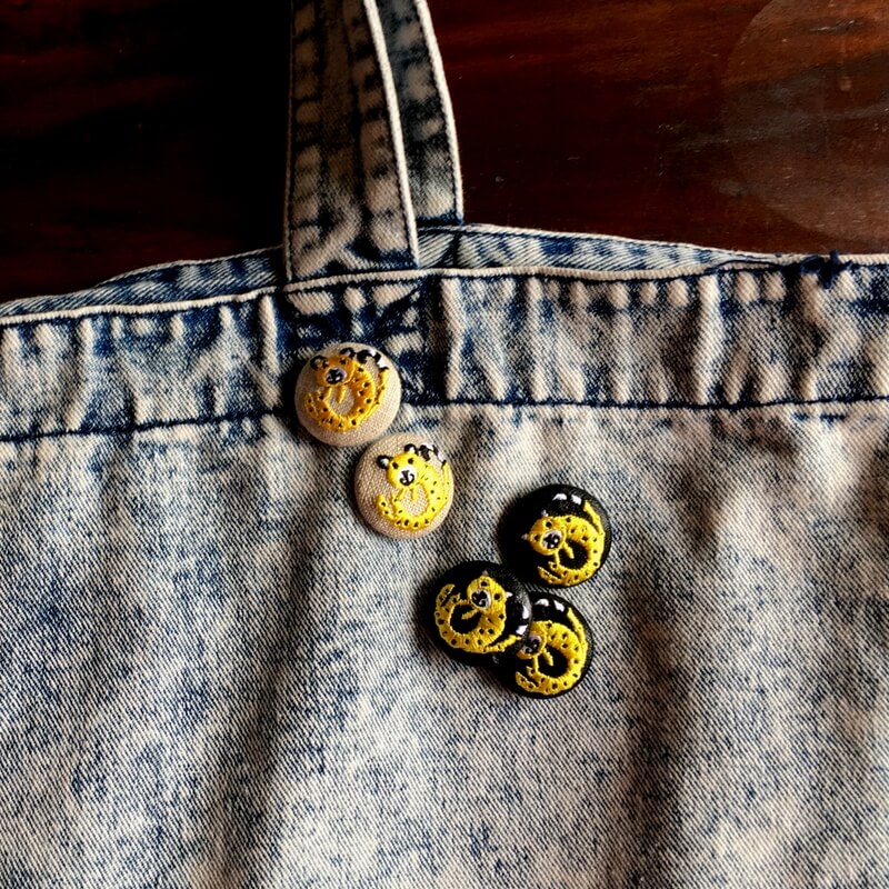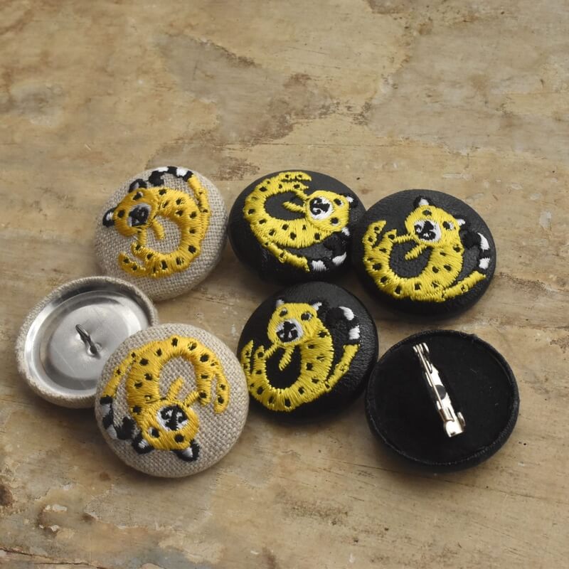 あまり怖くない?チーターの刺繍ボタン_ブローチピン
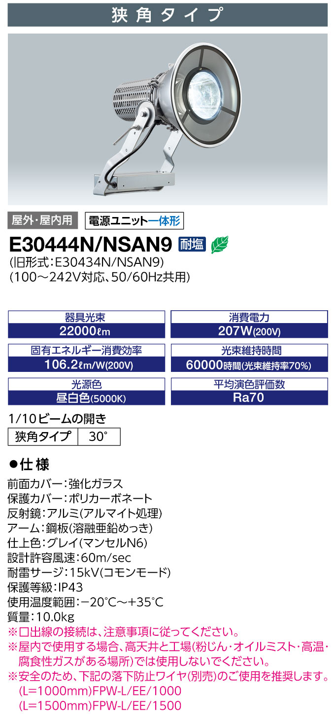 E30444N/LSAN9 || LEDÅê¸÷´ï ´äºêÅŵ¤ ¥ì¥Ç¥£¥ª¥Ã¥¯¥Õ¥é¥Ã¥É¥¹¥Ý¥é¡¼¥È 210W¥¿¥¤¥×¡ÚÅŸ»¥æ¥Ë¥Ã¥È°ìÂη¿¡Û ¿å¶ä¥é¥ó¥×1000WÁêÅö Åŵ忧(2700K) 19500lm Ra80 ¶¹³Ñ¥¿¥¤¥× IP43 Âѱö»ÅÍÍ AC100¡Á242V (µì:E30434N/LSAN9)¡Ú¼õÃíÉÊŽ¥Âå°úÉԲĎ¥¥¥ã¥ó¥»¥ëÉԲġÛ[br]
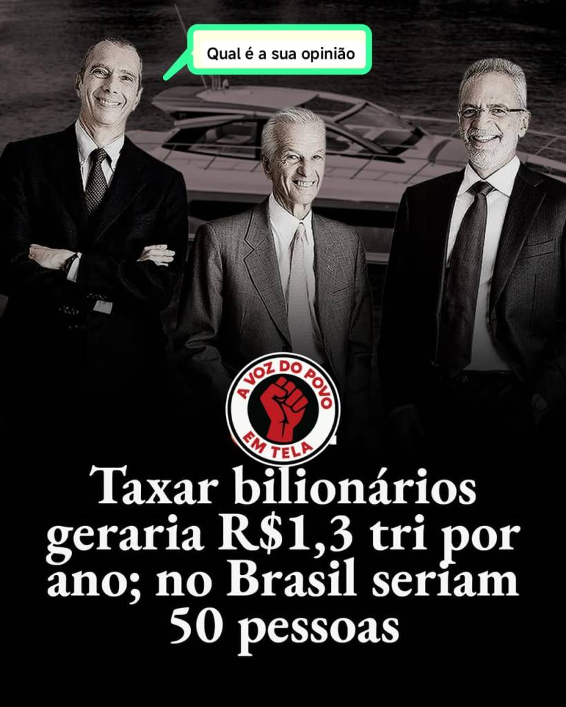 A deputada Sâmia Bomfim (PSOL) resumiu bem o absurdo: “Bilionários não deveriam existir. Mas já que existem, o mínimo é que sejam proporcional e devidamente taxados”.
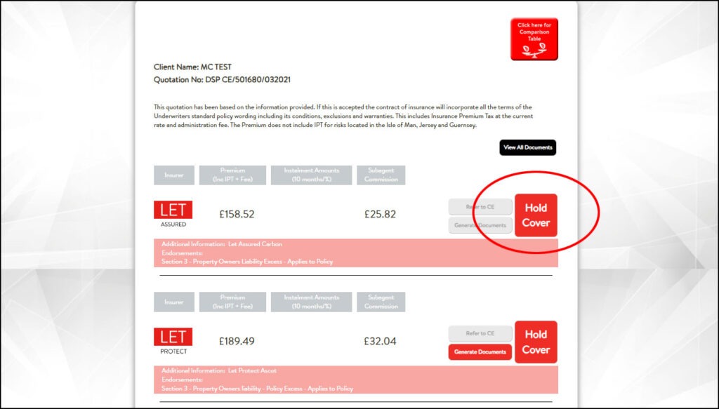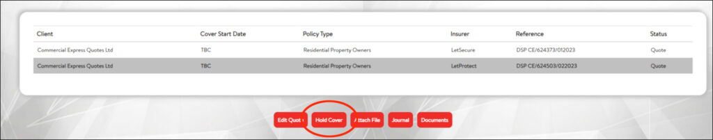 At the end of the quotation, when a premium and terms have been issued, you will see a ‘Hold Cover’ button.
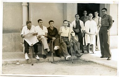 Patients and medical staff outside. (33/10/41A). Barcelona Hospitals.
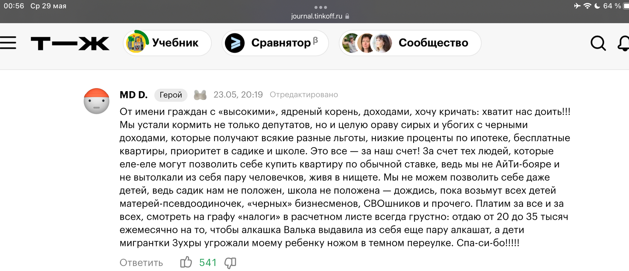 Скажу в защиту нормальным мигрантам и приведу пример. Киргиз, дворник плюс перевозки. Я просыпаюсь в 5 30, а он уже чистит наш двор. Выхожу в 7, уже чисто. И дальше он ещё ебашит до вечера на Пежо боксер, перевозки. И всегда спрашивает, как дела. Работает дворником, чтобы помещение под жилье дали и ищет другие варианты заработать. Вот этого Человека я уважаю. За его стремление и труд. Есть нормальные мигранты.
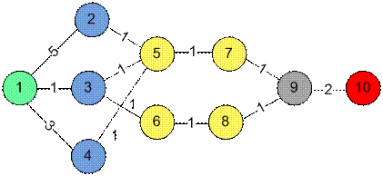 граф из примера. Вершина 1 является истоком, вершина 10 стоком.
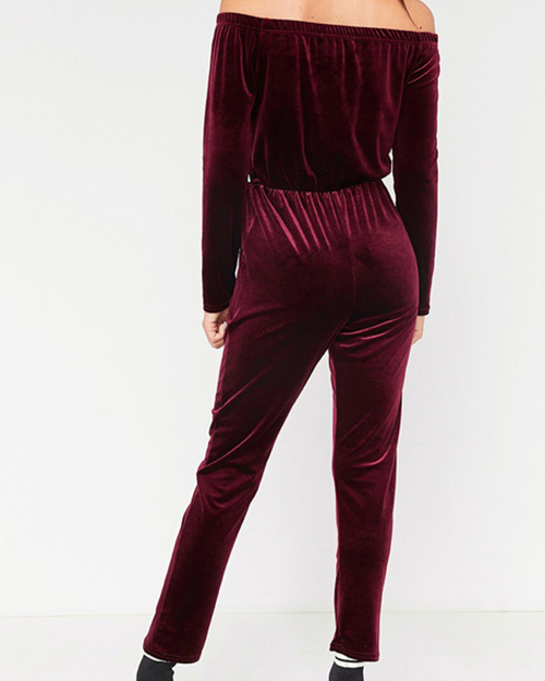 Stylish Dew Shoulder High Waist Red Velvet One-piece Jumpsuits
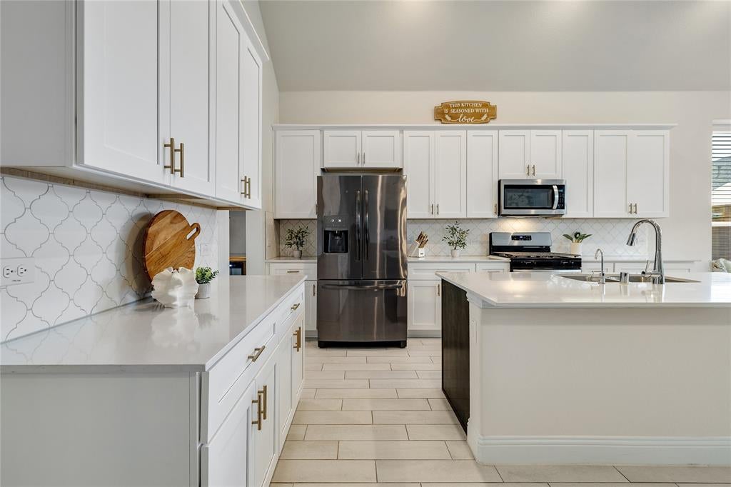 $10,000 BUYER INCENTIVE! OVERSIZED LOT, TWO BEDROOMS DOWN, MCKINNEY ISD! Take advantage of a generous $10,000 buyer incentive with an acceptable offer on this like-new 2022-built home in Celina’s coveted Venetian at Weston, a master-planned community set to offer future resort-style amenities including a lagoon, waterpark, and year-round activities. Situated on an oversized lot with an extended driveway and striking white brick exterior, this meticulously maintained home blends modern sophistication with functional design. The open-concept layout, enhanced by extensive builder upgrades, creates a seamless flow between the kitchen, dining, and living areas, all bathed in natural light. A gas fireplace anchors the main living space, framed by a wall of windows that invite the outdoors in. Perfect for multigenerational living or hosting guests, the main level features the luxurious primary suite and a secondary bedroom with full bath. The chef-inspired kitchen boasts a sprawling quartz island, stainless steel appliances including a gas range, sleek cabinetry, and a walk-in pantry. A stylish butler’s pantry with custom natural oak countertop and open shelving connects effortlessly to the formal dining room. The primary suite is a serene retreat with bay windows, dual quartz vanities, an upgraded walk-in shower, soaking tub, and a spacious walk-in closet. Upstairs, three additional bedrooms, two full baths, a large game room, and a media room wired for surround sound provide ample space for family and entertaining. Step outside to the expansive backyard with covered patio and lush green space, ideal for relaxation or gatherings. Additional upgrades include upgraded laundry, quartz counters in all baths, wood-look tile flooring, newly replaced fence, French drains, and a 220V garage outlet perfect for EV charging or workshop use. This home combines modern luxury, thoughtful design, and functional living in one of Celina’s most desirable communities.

------------

### [EXERCISE PROMPT]
The records above should be output exactly, but without any of their pictures.

### [RESPONSE TO THE EXERCISE]
 あまり怖くない?チーターの刺繍ボタン_ブローチピン
 E30444N/LSAN9 || LEDÅê¸÷´ï ´äºêÅŵ¤ ¥ì¥Ç¥£¥ª¥Ã¥¯¥Õ¥é¥Ã¥É¥¹¥Ý¥é¡¼¥È 210W¥¿¥¤¥×¡ÚÅŸ»¥æ¥Ë¥Ã¥È°ìÂη¿¡Û ¿å¶ä¥é¥ó¥×1000WÁêÅö Åŵ忧(2700K) 19500lm Ra80 ¶¹³Ñ¥¿¥¤¥× IP43 Âѱö»ÅÍÍ AC100¡Á242V (µì:E30434N/LSAN9)¡Ú¼õÃíÉÊŽ¥Âå°úÉԲĎ¥¥¥ã¥ó¥»¥ëÉԲġÛ[br]
 A deputada Sâmia Bomfim (PSOL) resumiu bem o absurdo: “Bilionários não deveriam existir. Mas já que existem, o mínimo é que sejam proporcional e devidamente taxados”.
 At the end of the quotation, when a premium and terms have been issued, you will see a ‘Hold Cover’ button.
 Patients and medical staff outside. (33/10/41A). Barcelona Hospitals.
 Скажу в защиту нормальным мигрантам и приведу пример. Киргиз, дворник плюс перевозки. Я просыпаюсь в 5 30, а он уже чистит наш двор. Выхожу в 7, уже чисто. И дальше он ещё ебашит до вечера на Пежо боксер, перевозки. И всегда спрашивает, как дела. Работает дворником, чтобы помещение под жилье дали и ищет другие варианты заработать. Вот этого Человека я уважаю. За его стремление и труд. Есть нормальные мигранты.
 граф из примера. Вершина 1 является истоком, вершина 10 стоком.
 Stylish Dew Shoulder High Waist Red Velvet One-piece Jumpsuits
 $10,000 BUYER INCENTIVE! OVERSIZED LOT, TWO BEDROOMS DOWN, MCKINNEY ISD! Take advantage of a generous $10,000 buyer incentive with an acceptable offer on this like-new 2022-built home in Celina’s coveted Venetian at Weston, a master-planned community set to offer future resort-style amenities including a lagoon, waterpark, and year-round activities. Situated on an oversized lot with an extended driveway and striking white brick exterior, this meticulously maintained home blends modern sophistication with functional design. The open-concept layout, enhanced by extensive builder upgrades, creates a seamless flow between the kitchen, dining, and living areas, all bathed in natural light. A gas fireplace anchors the main living space, framed by a wall of windows that invite the outdoors in. Perfect for multigenerational living or hosting guests, the main level features the luxurious primary suite and a secondary bedroom with full bath. The chef-inspired kitchen boasts a sprawling quartz island, stainless steel appliances including a gas range, sleek cabinetry, and a walk-in pantry. A stylish butler’s pantry with custom natural oak countertop and open shelving connects effortlessly to the formal dining room. The primary suite is a serene retreat with bay windows, dual quartz vanities, an upgraded walk-in shower, soaking tub, and a spacious walk-in closet. Upstairs, three additional bedrooms, two full baths, a large game room, and a media room wired for surround sound provide ample space for family and entertaining. Step outside to the expansive backyard with covered patio and lush green space, ideal for relaxation or gatherings. Additional upgrades include upgraded laundry, quartz counters in all baths, wood-look tile flooring, newly replaced fence, French drains, and a 220V garage outlet perfect for EV charging or workshop use. This home combines modern luxury, thoughtful design, and functional living in one of Celina’s most desirable communities.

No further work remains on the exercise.